# Given information
+ + + + + + +
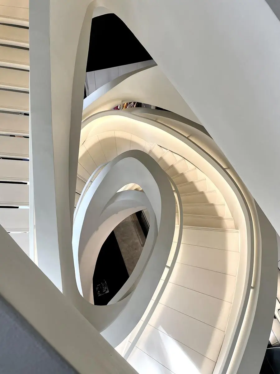 Skorzystałam z okazji i przyznam – nie mogłam się doczekać, żeby odwiedzić wnętrze butiku Armani przy 5th Avenue. Jest to realizacja projektu Massimiliano Fuksasa, przy którym miałam okazję pracować w trakcie stażu w jego rzymskim biurze w latach 2007 – 2008” mówi Daszkiewicz. „Wnętrza butiku robią ogromne wrażenie, ale wzrok na dłużej zatrzymuje się przy dynamicznej i zarówno ekspresyjnej klatce schodowej w formie tornada, która prowadzi na ostatnią kondygnację obiektu, gdzie znajduje się świetna restauracja
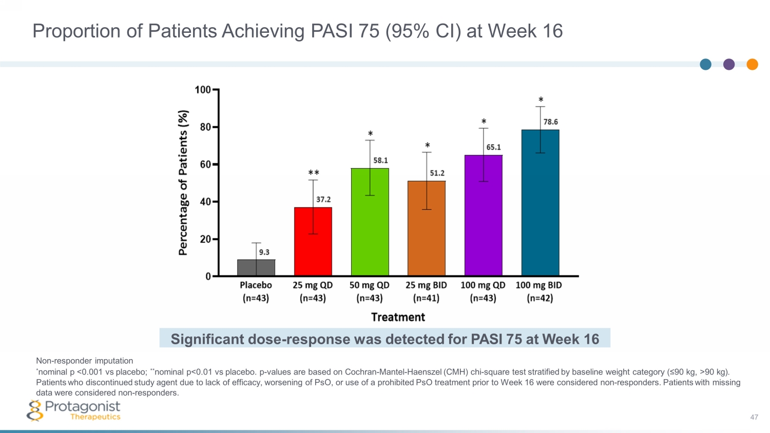 Non - responder imputation * nominal p <0.001 vs placebo; ** nominal p<0.01 vs placebo. p - values are based on Cochran - Mantel - Haenszel (CMH) chi - square test stratified by baseline weight category (≤90 kg, >90 kg). Patients who discontinued study agent due to lack of efficacy, worsening of PsO, or use of a prohibited PsO treatment prior to Week 16 were considered non - responders. Patients with missing data were considered non - responders. Significant dose - response was detected for PASI 75 at Week 16 Proportion of Patients Achieving PASI 75 (95% CI) at Week 16 47
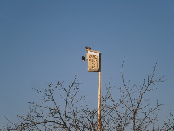 “Әтнәдә сыерчыклар да 70 еллыкны каршылый”. Әтнә районы Ары авылындагы Фидаил Кадимов яшь буында патриотик хис тәрбияләү максатыннан шундый сыерчык оясы ясаган. “Бөек Җиңү бәйрәменнән соң илебезгә 69 тапкыр сыерчыклар килеп киткәннәр, бу хәвефне алар да күргәннәр...”-ди Ф.Кадимов.
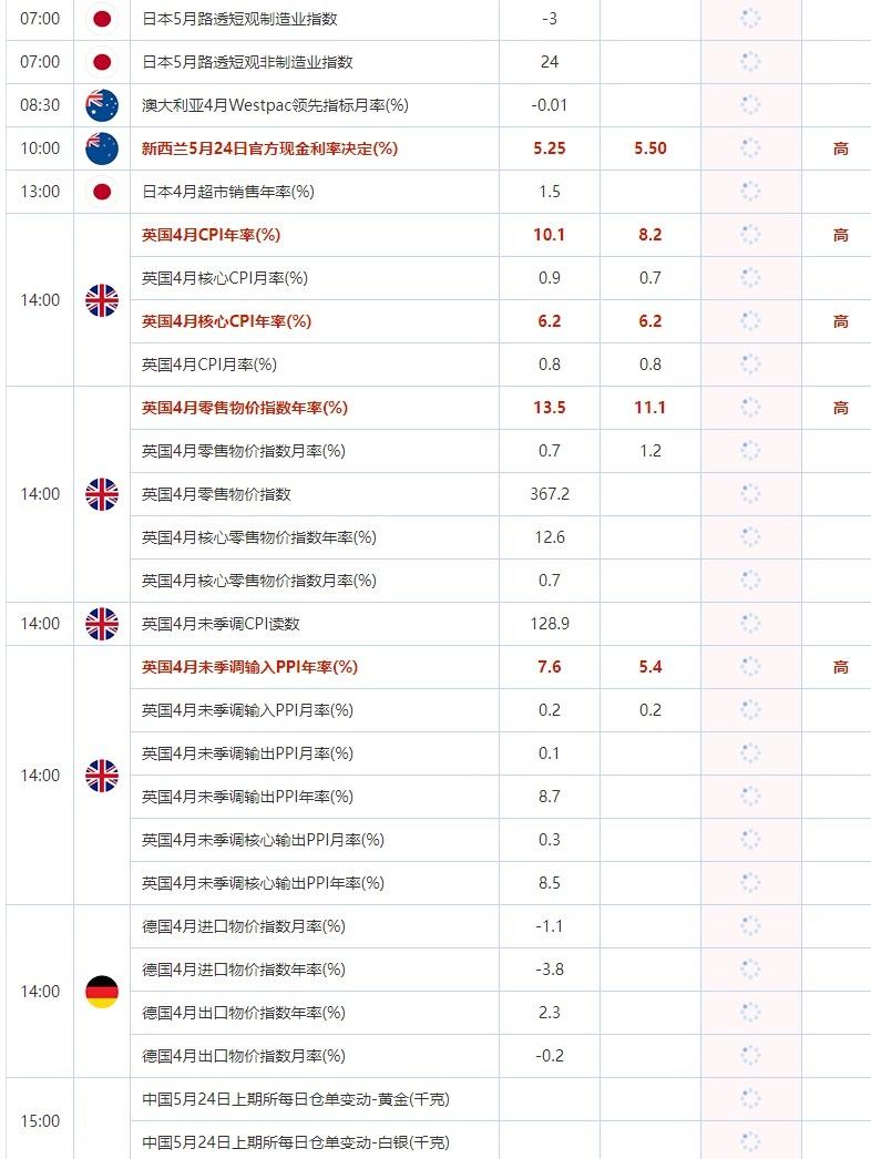 14:00 英国4月CPI年率(%) , 前值 10.1 , 预期值 8.2 , 公布值:待发布14:00 英国4月核心CPI月率(%) , 前值 0.9 , 预期值 0.7 , 公布值:待发布
+ + + + + + +
# Problem to work on
None of the pictures should appear, though every line of the data above must be reproduced exactly.

# Expected answer
 Skorzystałam z okazji i przyznam – nie mogłam się doczekać, żeby odwiedzić wnętrze butiku Armani przy 5th Avenue. Jest to realizacja projektu Massimiliano Fuksasa, przy którym miałam okazję pracować w trakcie stażu w jego rzymskim biurze w latach 2007 – 2008” mówi Daszkiewicz. „Wnętrza butiku robią ogromne wrażenie, ale wzrok na dłużej zatrzymuje się przy dynamicznej i zarówno ekspresyjnej klatce schodowej w formie tornada, która prowadzi na ostatnią kondygnację obiektu, gdzie znajduje się świetna restauracja
 Non - responder imputation * nominal p <0.001 vs placebo; ** nominal p<0.01 vs placebo. p - values are based on Cochran - Mantel - Haenszel (CMH) chi - square test stratified by baseline weight category (≤90 kg, >90 kg). Patients who discontinued study agent due to lack of efficacy, worsening of PsO, or use of a prohibited PsO treatment prior to Week 16 were considered non - responders. Patients with missing data were considered non - responders. Significant dose - response was detected for PASI 75 at Week 16 Proportion of Patients Achieving PASI 75 (95% CI) at Week 16 47
 “Әтнәдә сыерчыклар да 70 еллыкны каршылый”. Әтнә районы Ары авылындагы Фидаил Кадимов яшь буында патриотик хис тәрбияләү максатыннан шундый сыерчык оясы ясаган. “Бөек Җиңү бәйрәменнән соң илебезгә 69 тапкыр сыерчыклар килеп киткәннәр, бу хәвефне алар да күргәннәр...”-ди Ф.Кадимов.
 14:00 英国4月CPI年率(%) , 前值 10.1 , 预期值 8.2 , 公布值:待发布14:00 英国4月核心CPI月率(%) , 前值 0.9 , 预期值 0.7 , 公布值:待发布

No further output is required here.